-- Work required --
Output the lines from the one holding "この季節になるとたくさん出てくる白雪ミセバヤ♥ このロゼット、色たまらんな~ 地植えにもしたんだけど、夏を越えられるかな~" to the end of the entries that follow, exactly and only those, minus any pictures.

-- Entries supplied --
=-=-=-=-=
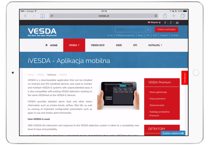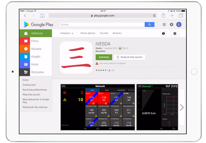 iVESDA to mobilna aplikacja przeznaczona na urządzeniach przenośnych z systemem iOS i Android. Aplikacja umożliwia monitorowanie i przeglądy systemów VESDA-E z niespotykaną łatwością. iVESDA jest również kompatybilna z istniejącymi detektorami VESDA zamontowanymi na tej samej sieci VESDAnet z detektorem VESDA-E jako urządzenie dostępowe.
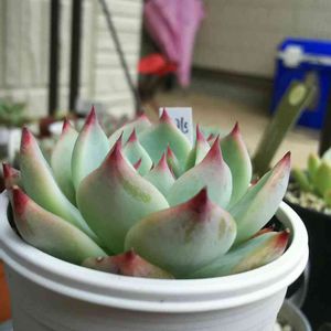 この季節になるとたくさん出てくる白雪ミセバヤ♥ このロゼット、色たまらんな~ 地植えにもしたんだけど、夏を越えられるかな~
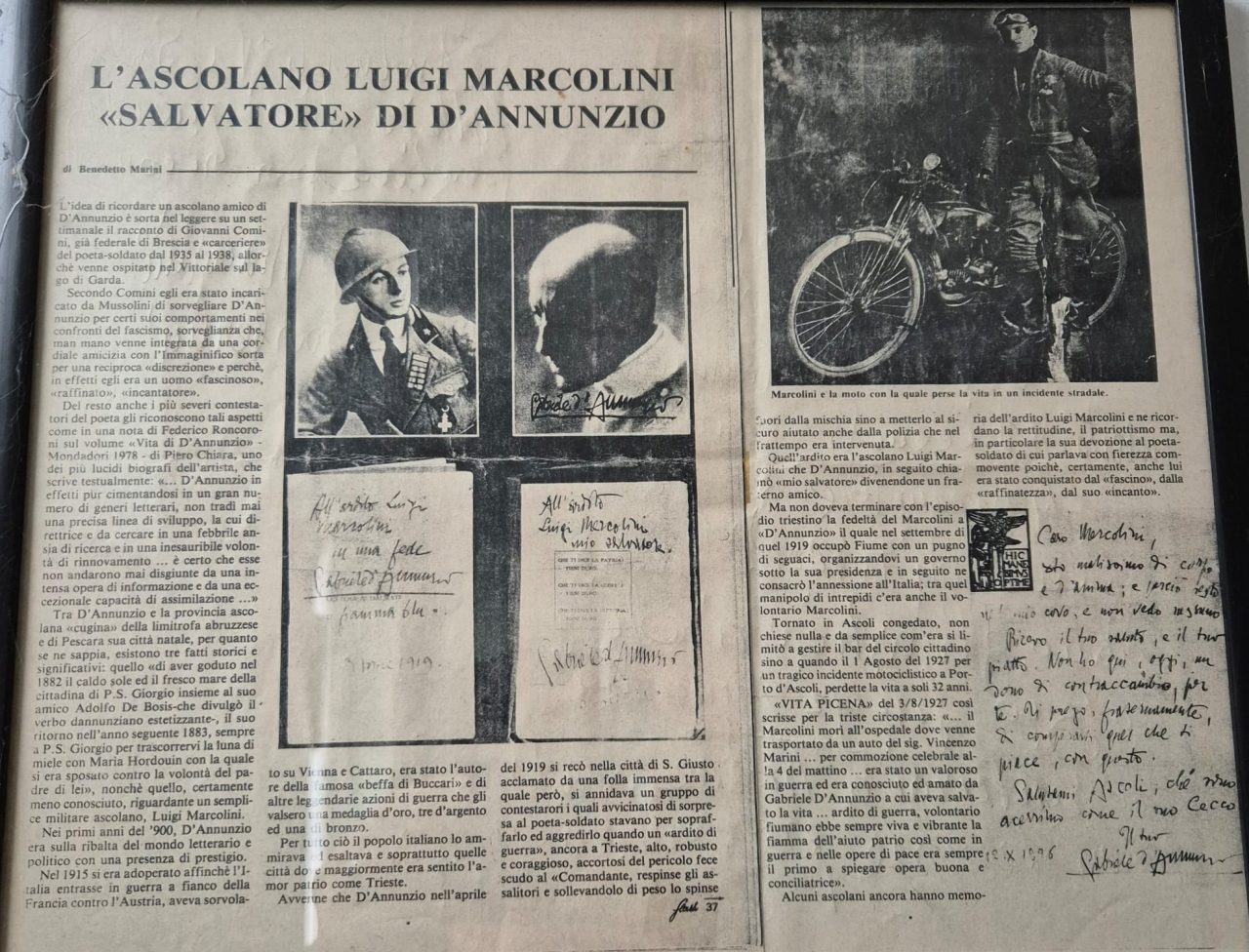 Pochi sanno che lo zio di Carlo Angelini, Luigi Marcolini, classe 1895, era riuscito a guadagnarsi l’amicizia e la riconoscenza di Gabriele D’Annunzio. Ne abbiamo notizie certe grazie ad un articolo di Benedetto Marini pubblicato sulla benemerita rivista di vita ascolana Flash. Luigi, infatti, da giovane ardito nella Grande Guerra, aveva salvato il Vate nel 1919 a San Giusto, dalla accesa contestazione di un gruppo di cittadini triestini. Forte della sua stazza lo aveva portato, di peso, al sicuro, con l’aiuto della Polizia nel frattempo accorsa.
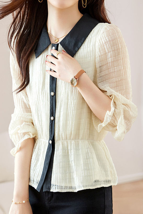 Solid color, skipper collar, three-quarter sleeves, knee length, with drawstring at waist (adjustable), front button opening, glossy finish, voluminous, nice texture, ribbon tie, with pockets |
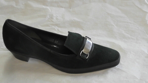 Dunkelgrüner Damenhalbschuh aus Veloursleder mit Zierkette
=-=-=-=-=
-- Solution --
 この季節になるとたくさん出てくる白雪ミセバヤ♥ このロゼット、色たまらんな~ 地植えにもしたんだけど、夏を越えられるかな~
 Pochi sanno che lo zio di Carlo Angelini, Luigi Marcolini, classe 1895, era riuscito a guadagnarsi l’amicizia e la riconoscenza di Gabriele D’Annunzio. Ne abbiamo notizie certe grazie ad un articolo di Benedetto Marini pubblicato sulla benemerita rivista di vita ascolana Flash. Luigi, infatti, da giovane ardito nella Grande Guerra, aveva salvato il Vate nel 1919 a San Giusto, dalla accesa contestazione di un gruppo di cittadini triestini. Forte della sua stazza lo aveva portato, di peso, al sicuro, con l’aiuto della Polizia nel frattempo accorsa.
 Solid color, skipper collar, three-quarter sleeves, knee length, with drawstring at waist (adjustable), front button opening, glossy finish, voluminous, nice texture, ribbon tie, with pockets |
 Dunkelgrüner Damenhalbschuh aus Veloursleder mit Zierkette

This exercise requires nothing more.